#### Directions for this task:
Having located the line with "สรุปสถานการณ์การระบาดศัตรูพืชสำคัญ ระหว่างวันที่ 2", repeat it and all remaining lines of the records exactly. Pictures do not belong in the answer.

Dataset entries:
++++

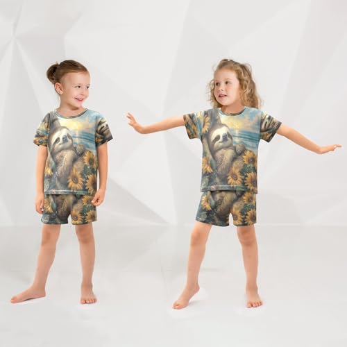 ALAZA Sloth Ocean Beach Sunflower Pajamas Set Short Sleeve Cotton Sleepwear Summer Pjs 2 Piece 5-14Y 5
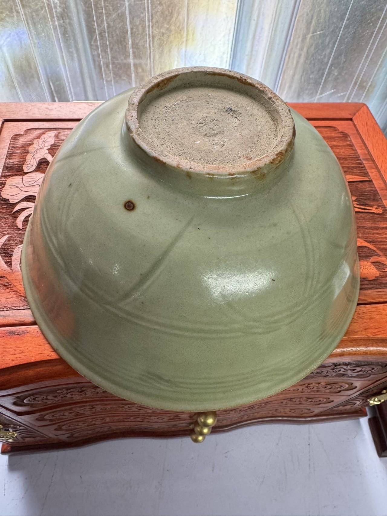 藏友你好:你图片所发这件龙泉青釉划花大碗,其造型规整,釉面温润,纹饰流畅,修足娴熟,胎质干爽,为南宋时期真品。全品估价6500-8000左右合理。
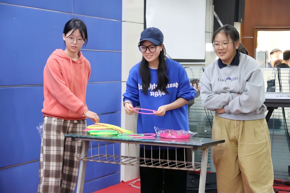 此次文艺专场活动共设两个版块:摊位互动和文艺展演。演出开始前,场内设有两个互动摊位,分别为书法摊位及套圈摊位。翰墨香书画社成员现场题字,墨香氤氲,笔走龙蛇,营造出古色古香的书法氛围。套圈摊位亦反响热烈,同学们身子前倾将圈掷出,在收获小礼品的同时也重拾童年最纯粹的美好。
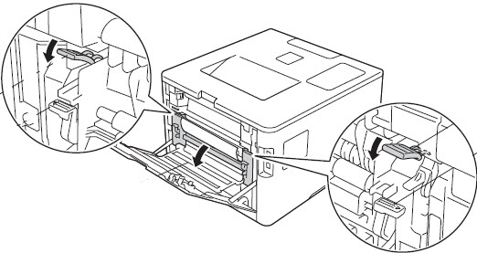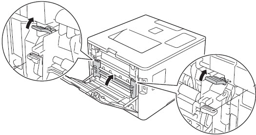 NOTE: If the envelope levers inside the back cover are pulled down to the envelope position. Lift these levers to the original position before pulling the blue tabs down. 3. Look into the machine to locate the two fuser rollers. Once you see the orange roller look above it to locate the black roller. The black roller should have smooth even black coating. Check in between the two fuser rollers and see if you see any damage to the rollers or if there is any paper stuck. If you find a paper stuck, very carefully remove it. When removing stuck paper from in between fuser rollers be careful as the area or the rollers might be extremely hot if the machine has just been recently used. - If the fuser rollers appear damaged, go to step 10. - If the fuser rollers are not damaged, continue to next step.
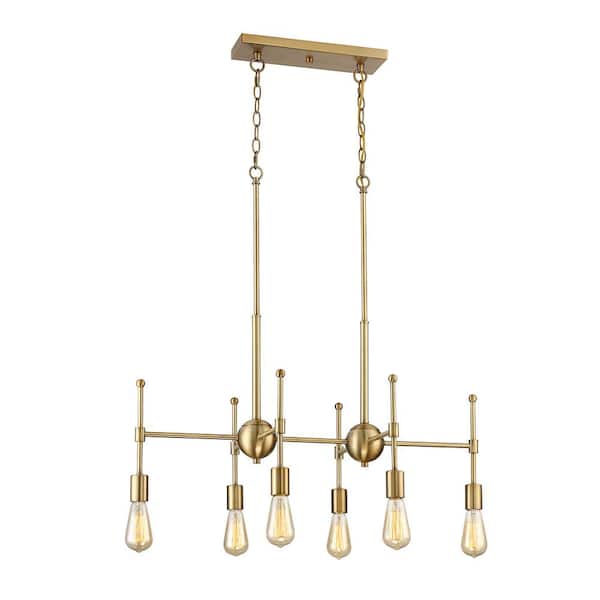 30.5 in. W x 29.75 in. H 6-Light Natural Brass Metal Chandelier
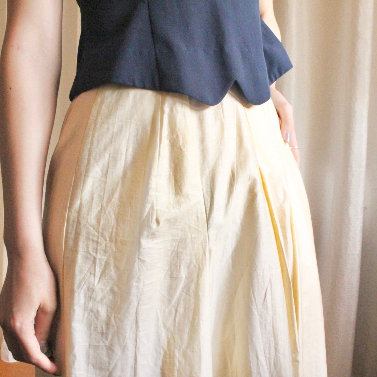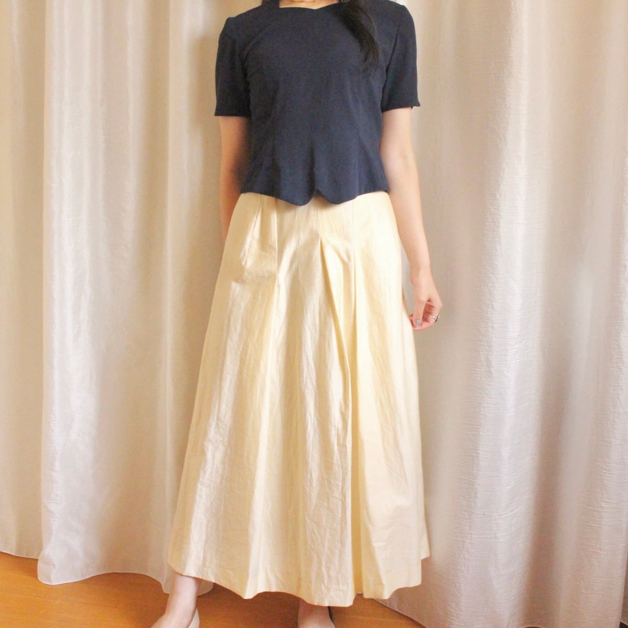 ハリと少しの光沢感がある生地がスタイリッシュかつキレイめなスカート。
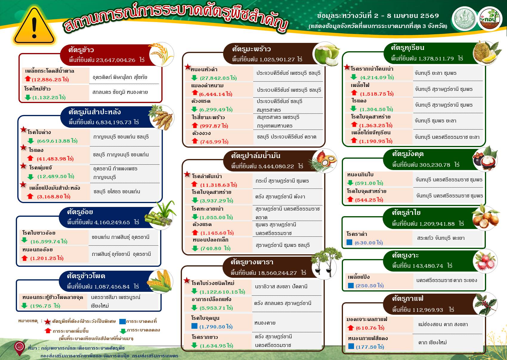 สรุปสถานการณ์การระบาดศัตรูพืชสำคัญ ระหว่างวันที่ 2 – 8 เมษายน 2569By กพต. / 10 เมษายน 2026 สรุป-2-8-เม.ย.-69-2ดาวน์โหลด Post Views: 14
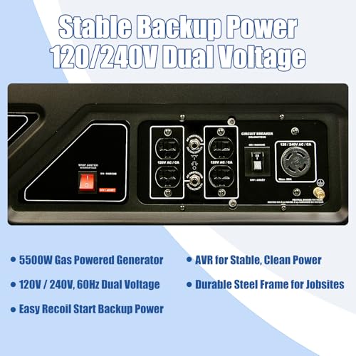 TOOLCY 5500W Gas Powered Generator – High-Performance Gas Generator with AVR, Steel Frame for Backup Power, Jobsite & Outdoor Use, 120V/240V 60Hz, Recoil Start, Not for Sale in California
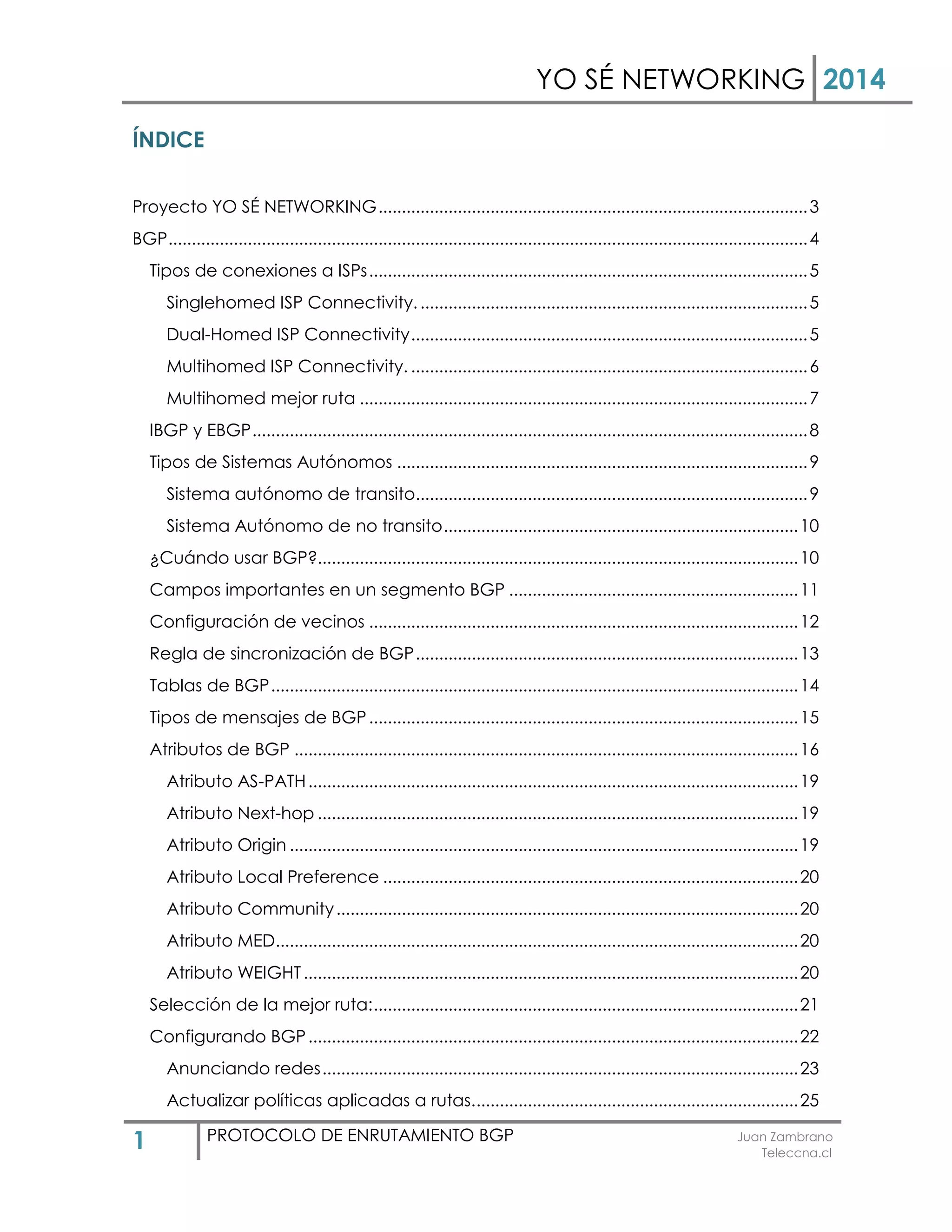 1) El documento habla sobre el protocolo de enrutamiento BGP y cómo es utilizado por los ISPs para interconectar sistemas autónomos. 2) Explica los tipos de conexión a ISPs como singlehomed, dual-homed y multihomed. 3) Describe conceptos clave de BGP como IBGP, EBGP y los diferentes tipos de sistemas autónomos.

++++

#### Answer below:
 สรุปสถานการณ์การระบาดศัตรูพืชสำคัญ ระหว่างวันที่ 2 – 8 เมษายน 2569By กพต. / 10 เมษายน 2026 สรุป-2-8-เม.ย.-69-2ดาวน์โหลด Post Views: 14
 TOOLCY 5500W Gas Powered Generator – High-Performance Gas Generator with AVR, Steel Frame for Backup Power, Jobsite & Outdoor Use, 120V/240V 60Hz, Recoil Start, Not for Sale in California
 1) El documento habla sobre el protocolo de enrutamiento BGP y cómo es utilizado por los ISPs para interconectar sistemas autónomos. 2) Explica los tipos de conexión a ISPs como singlehomed, dual-homed y multihomed. 3) Describe conceptos clave de BGP como IBGP, EBGP y los diferentes tipos de sistemas autónomos.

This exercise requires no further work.